In the first project, C2C12 myoblast subculturing conditions demonstrate the organization of cell alignment is significantly influenced by the actin cytoskeleton, which plays a critical role in tissue morphology. The cell alignment dependence on substrate stiffness is observed after a low-density subculture. Cells previously conditioned with different subculturing densities behave differently in aspect ratio and intercellular alignment, which are controlled by the actin cytoskeleton. Different actin structure of single cells induced by subculturing densities shows that actin organization controls the chirality expression and the alignment of cells on micropatterned stripe. Furthermore, replating of the cell under subculturing conditions supplemented with actin-inhibiting drugs shows the lingering effects on cell alignment and actin cytoskeleton arrangement. This work benefits the reconstruction of tissue morphology by highlighting the importance of subculturing conditions in the actin structure of single cells, contributing to the self-organization of cell alignment.
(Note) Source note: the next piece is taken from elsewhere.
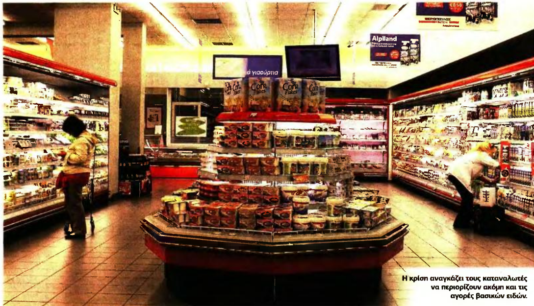
Η κρίση αναγκάζει τους καταναλωτές να περιορίζουν ακόμη και τις αγορές βασικών ειδών.

ΑΚΟΜΑ ΚΑΙ Η ΑΓΟΡΑ ΓΑΛΑΚΤΟΣ ΚΑΤΑΓΡΑΦΕΙ ΜΕΙΩΣΗ 10%

The second project reveals that the cell projection area and actin structure determine the expression of single-cell chirality during cell spreading. Understanding single-cell chirality is crucial as single-cell chirality propagates and affects tissue alignment. In this study, the chirality of the nucleus rotation reverses from clockwise (CW) to anticlockwise (ACW) during spreading. Controlling the cell projection area with an isotropic circular interface mimics the chirality reversal, showing the cell spreading area directly influences the expression of cell chirality. This phenomenon is observed consistently across different cell types. The actin structure, radial fiber, shows the same ACW chiral direction with nucleus rotation when spreading on the large pattern. Meanwhile, almost no observable radial fiber or chiral structure is found on the small pattern. Recovery of the actin structure on the small pattern by drug treatment reverses the chirality from CW to ACW, suggesting the role of radial fibers on ACW chirality. This study indicates the importance of cell projection area and actin structure for nucleus rotation chirality.

The third project demonstrates different classes of actin, the radial fiber and the transverse arc, contribute to ACW and CW chirality in nucleus rotation, respectively. Radial fiber and transverse arc form a chiral pattern on an isotropic circular island. With live cell imaging, the reduction of radial fiber elongation rate attenuates ACW chirality, indicating the radial fiber attributes to ACW chirality. On the other hand, the CW chirality is inhibited with the disruption of the contractile component in the transverse arc, by suppressing myosin activity with molecule inhibition or gene silencing of myosin-related proteins, mDia2 and Tpm4. Additionally, the transverse arc locates immediately underneath the plasma membrane. Because force can be generated against a rigid surface, the actomyosin contraction of the transverse arc appears to be responsible for CW chirality. Overall, manipulating the cell projection area or altering one class of actin shows the critical role of radial fiber and transverse arc in the expression of cell chirality.

Together, the work suggested a suitable culturing condition to preserve the chiral behavior, and a new mechanism of actomyosin structure controls cell chirality, providing more insight into LR asymmetry at molecular and cellular levels. This work can benefit the chirality research in future tissue engineering and regeneration medicine.